The only other American businesses entitled to their own pot of cash were those deemed “critical to
maintain national security”. That sounds like a euphemism for Boeing, America’s troubled aircraft-maker
(see article). But other industries will no doubt claim the “critical” label for themselves. Oil producers,
reeling from low crude prices, are said to be trying.
Elsewhere, some carmakers are liable to make a similar case. Like airlines, they are household names that
sit at the heart of complex ecosystems with millions of employees. Governments ignore their pleas, should
these come, at their peril. And come they may: demand for cars may slide by around a sixth this year and
is unlikely to recover fast. Germany’s Volkswagen says it is losing €2bn a week. Like Renault of France and
others, it has furloughed workers through state schemes. Car companies have 4-10 weeks of cash on hand,
maybe double that if they tap credit lines, according to Jefferies, a bank. That may not be enough to ride
out the crisis unaided.
The financial sector is the other traditional, if less beloved, candidate for state support. Insurers’ liability to
covid-19 is, for instance, still unclear. Politicians in America are urging insurance firms to indemnify holders
of policies protecting against business interruptions. The companies say these do not cover pandemics,
and claim they could be on the hook for losses nearing $400bn a month if forced to do so. States including
Ohio and Massachusetts are mulling bills that would compel payouts (see article). These would have to be
accompanied by a rescue package. At least banks look more solid, thanks to regulations enacted in the
wake of the financial meltdown in 2007-09. For once they may be part of the solution, not the problem:
governments are using them as a conduit for state-guaranteed loans.
Support which banks, and any other business, will readily accept is coming in the form of relaxed
regulations. Lenders are being offered capital relief in Europe and America. Countries from France to South
Korea have banned investors from betting on share-price falls, to many a ceo’s delight. Some
environmental regulations in America have been waived. European airlines get to keep valuable slots at
airports even though they are not using them as required. Steven Mnuchin, America’s treasury secretary,
has said the aid is predicated on three months of stoppages. It is anyone’s guess if that will be enough.
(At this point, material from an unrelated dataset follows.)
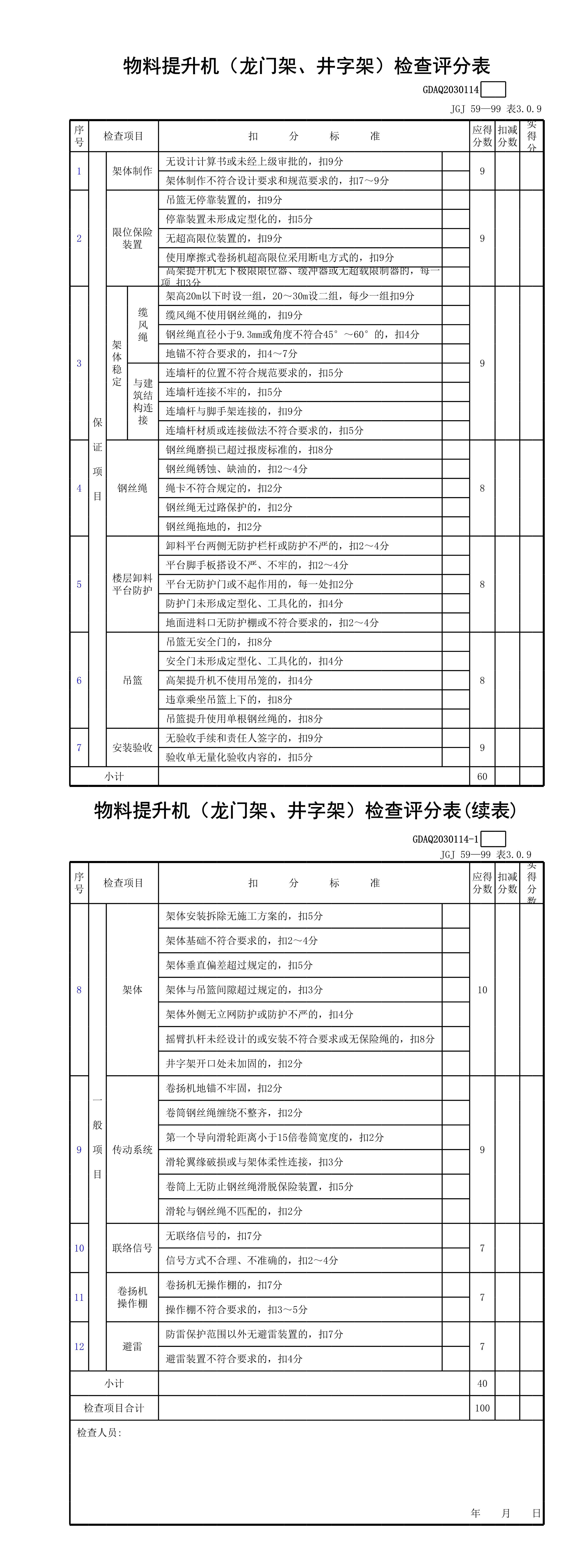 物料提升机(龙门架,井字架)检查评分表(含续表)GDAQ2030114[表格]

Much of the government largesse will be spread among millions of small businesses. Shuttered pizza joints,
gyms, florists and the like are facing months of lost revenue. Few voters object to public money being used
to pay laid-off or furloughed workers directly, as in Europe, or, as in America, to provide grants for firms
that keep staff (see Schumpeter).
In fact, programmes which authorities have sold as a way to save mom-and-pop shops may also help big
business. In Germany Adidas, a giant maker of sports gear, tried to use a measure designed to tide over
small firms to suspend rental payments for some of its shops (it reversed course after the news leaked).
American hotel chains won the right to treat each location as a separate business—and with it access to
bail-outs designed for firms with fewer than 500 employees.
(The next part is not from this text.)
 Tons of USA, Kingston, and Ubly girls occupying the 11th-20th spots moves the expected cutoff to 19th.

Many stronger firms would prefer a private-sector rescuer. Those with solid balance-sheets in Europe and
America raised $316bn from investment-grade bonds in March, according to Dealogic, a data provider.
Although some racier blue-chip firms must pay high coupons, for many yields remain reasonable (see
chart).
Some companies with iffier prospects can get their hands on cash, too. Carnival, a cruise-line operator
whose share price is down by 83% this year, is raising $4bn through a sale of bonds (in part by mortgaging
its ships) as well as fresh equity. Markets are charging a hefty price for this support. So long as they remain
willing to shore up corporations on the brink, taxpayers may be spared big payouts—and governments,
blushes for helping out unloved big business.